Extracted records

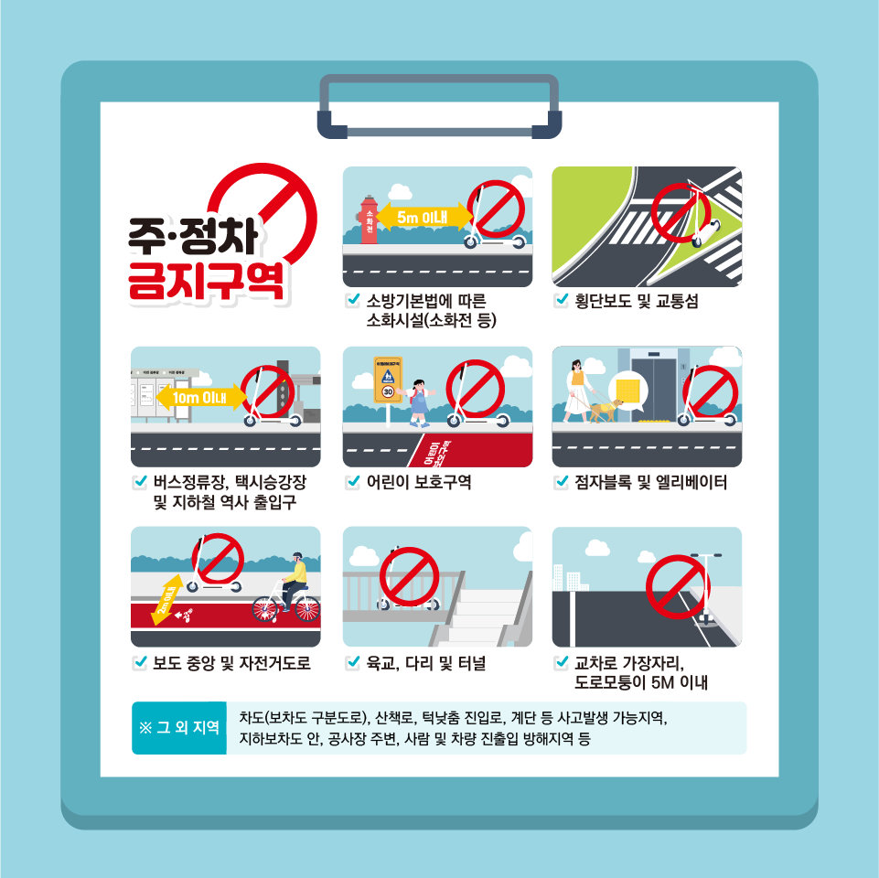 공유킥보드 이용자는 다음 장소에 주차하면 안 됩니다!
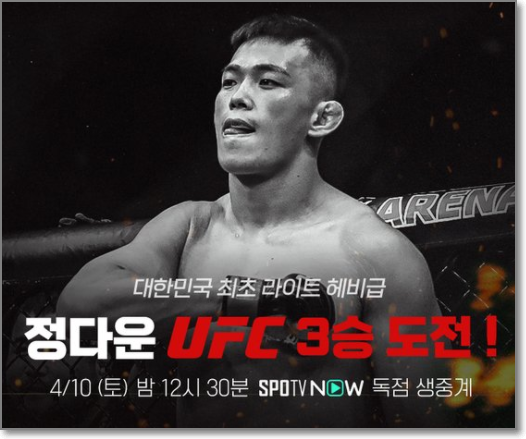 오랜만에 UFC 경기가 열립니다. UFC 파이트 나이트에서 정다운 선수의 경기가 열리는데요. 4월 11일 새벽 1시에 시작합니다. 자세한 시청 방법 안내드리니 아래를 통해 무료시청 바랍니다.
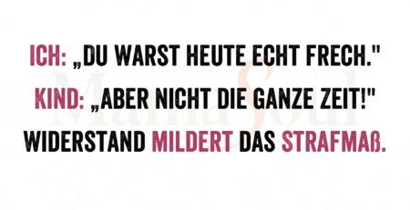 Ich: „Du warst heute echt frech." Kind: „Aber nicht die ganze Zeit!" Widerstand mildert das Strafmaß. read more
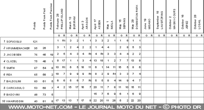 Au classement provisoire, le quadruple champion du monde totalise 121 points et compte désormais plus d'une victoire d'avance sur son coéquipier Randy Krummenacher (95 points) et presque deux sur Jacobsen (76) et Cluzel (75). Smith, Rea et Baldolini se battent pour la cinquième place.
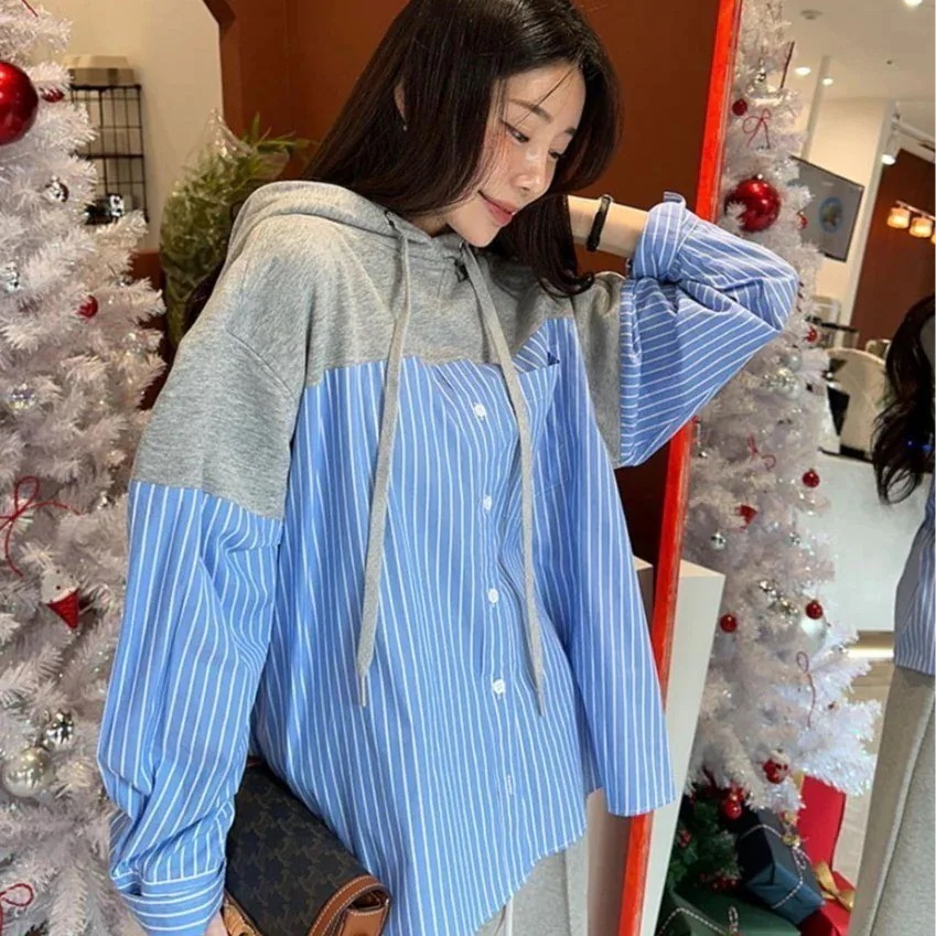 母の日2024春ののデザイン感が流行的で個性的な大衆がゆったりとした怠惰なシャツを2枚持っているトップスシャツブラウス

INSTRUCTIONS TO FOLLOW: Start with the first line of the records above and end with the line containing "Ich: „Du warst". Output those lines exactly, pictures excluded.

RESPONSE BOX:
 공유킥보드 이용자는 다음 장소에 주차하면 안 됩니다!
 오랜만에 UFC 경기가 열립니다. UFC 파이트 나이트에서 정다운 선수의 경기가 열리는데요. 4월 11일 새벽 1시에 시작합니다. 자세한 시청 방법 안내드리니 아래를 통해 무료시청 바랍니다.
 Ich: „Du warst heute echt frech." Kind: „Aber nicht die ganze Zeit!" Widerstand mildert das Strafmaß. read more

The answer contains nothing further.